Die Polizei sucht fieberhaft einen Mann im roten Kleinbus : Unbekannter will kleinen Jungen ins Auto locken

Walsheim (red/mh) Am Montag (28. September) wurde ein siebenjähriger Junge gegen 17 Uhr in der Gersheimer Straße in Walsheim von einem Unbekannten aus einem roten Kleinbus heraus angesprochen.
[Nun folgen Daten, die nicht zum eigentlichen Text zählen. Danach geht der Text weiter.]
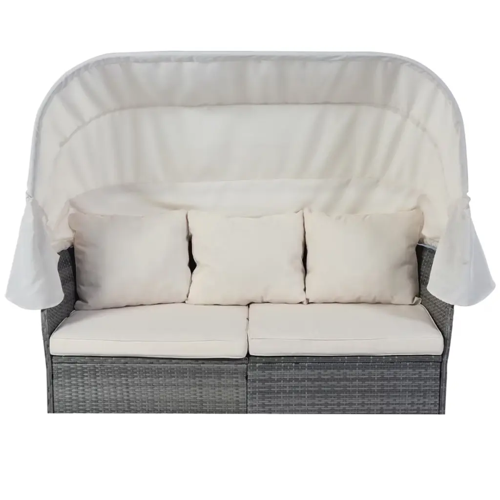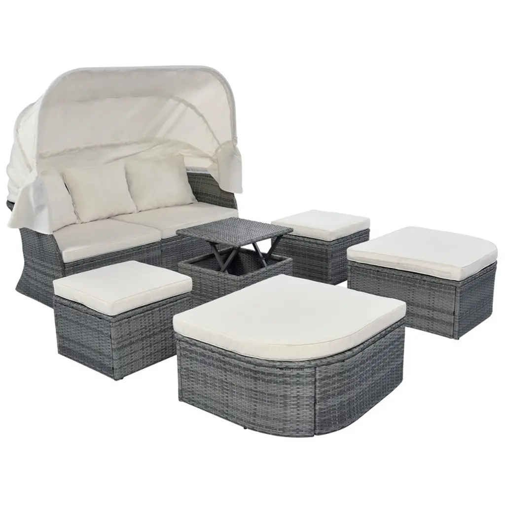 Elevate your outdoor living experience with the Separable PE Rattan Sunbed with Canopy. Designed for both style and functionality, this versatile set is perfect for relaxing by the pool, enjoying a garden party, or lounging in your backyard. With a flexible design, you can easily move the seats, adjust the canopy, and reconfigure the layout to fit your needs. Ideal for those who love to entertain or simply enjoy a quiet afternoon outdoors. Product Features Separable Design for Easy Movement: The modular design allows you to move the seats freely and rearrange them into a rectangle sunbed, a footrest, or even a lift-top coffee table. The thickened cushions and additional throw pillows provide added comfort for extended outdoor relaxation.Quality PE Rattan Wicker: Made with tightly woven, durable PE rattan wicker, this set is designed to withstand the elements, including rain and wind. The waterproof cushion covers are easy to clean, but for long-term use, it’s recommended to provide waterproof protection during extended rainy periods.Flip-Type Canopy: Enjoy the perfect amount of shade with the adjustable flip-type canopy. Easily raise or lower the canopy to block out the sun or to fully enjoy the natural sunlight when you’re reading or lounging. This versatile feature makes it perfect for any weather.Flexible Assembly: This set arrives in three separate packages and requires full assembly. It is recommended that at least two adults complete the assembly for the best results. Dimensions & Specifications Pieces Included: 1 Sofa, 5 OttomansChair Seat/Back Material: Wicker/RattanIndividual Ottoman Weight Capacity: 250 lbsIndividual Curved Ottoman Weight Capacity: 170 lbsSofa Weight Capacity: 700 lbsTable Top Material: Wicker/RattanCushions Included: Yes, includes 7 seat cushions and 3 back cushionsRemovable Cushion Covers: YesCushion Fill Material: High-Density FoamToss Pillows Included: NoAssembly Required: Yes, Full Assembly Needed (at least 2 people) Assembly & Maintenance Tips Installation Tips: Lay cardboard on the ground before installation to avoid staining or scratching the product. Avoid friction between parts during installation to prevent scratches that may be hard to remove. Do not tighten screws completely until all parts are aligned properly.Maintenance: To maintain the beauty of your furniture, it’s recommended to clean the cushions regularly and protect the furniture from prolonged exposure to rain. Transform your outdoor space into a stylish, comfortable haven with the Separable PE Rattan Sunbed with Canopy. Whether you're hosting a barbecue or enjoying some solo time outdoors, this set offers unmatched flexibility, comfort, and durability.

Der Junge war zu diesem Zeitpunkt dort mit seinem Fahrrad unterwegs. Sein Vater befand sich in unmittelbarer Nähe, hatte jedoch keinen Einblick auf seinen Sohn, als dieser von dem Unbekannten angesprochen wurde. Nach Angaben des Kindes wurde er von dem Unbekannten gefragt, ob er sein Fahrrad stehen lassen will und stattdessen mit ihm weiterfahren will. Der 7-Jährige reagierte hierauf richtig, er gab dem Mann keine Antwort und fuhr sofort zurück zu seinem Vater. Dieser konnte das von seinem Sohn beschriebene Fahrzeug jedoch nicht mehr feststellen. Die Eltern informierten umgehend die Polizei Homburg, welche dem Hinweis nachging. Sofort eingeleitete Fahndungsmaßnahmen führten nicht zum Auffinden des roten Kleinbusses. Zeugen werden gebeten, sich mit der Polizei Homburg (Tel.06841/1060) in Verbindung zu setzen.

 Hinweise der Polizei:

„Kinderansprecher“ sorgen in der Bevölkerung für große Besorgnis und Unsicherheit. Der Grat zwischen Information zur Sensibilisierung der Kinder und ihrer Einschüchterung ist schmal. Daher sind einfache Regeln und klare Absprachen die beste Orientierung für Ihre Kinder. Besprechen Sie mit Ihrem Kind

Folgendes Wer darf es im Auto mitnehmen. Wer darf es von der Schule etc. abholen. Absprachen müssen insbesondere den Fall berücksichtigen, wenn Eltern etwa durch Arbeit, Unfall etc. verhindert sein sollten. Realitätsnahe Rollenspiele sollten in jedem Fall vermieden werden, um Kinder nicht zu verängstigen. Wenn das Kind von einem sogenannten Kinderansprecher erzählt, sollte man überlegt reagieren. Das Kind frei erzählen lassen, ohne bohrende Nachfragen zu stellen. Dem Kind keine Details vorgeben und die Polizei benachrichtigen.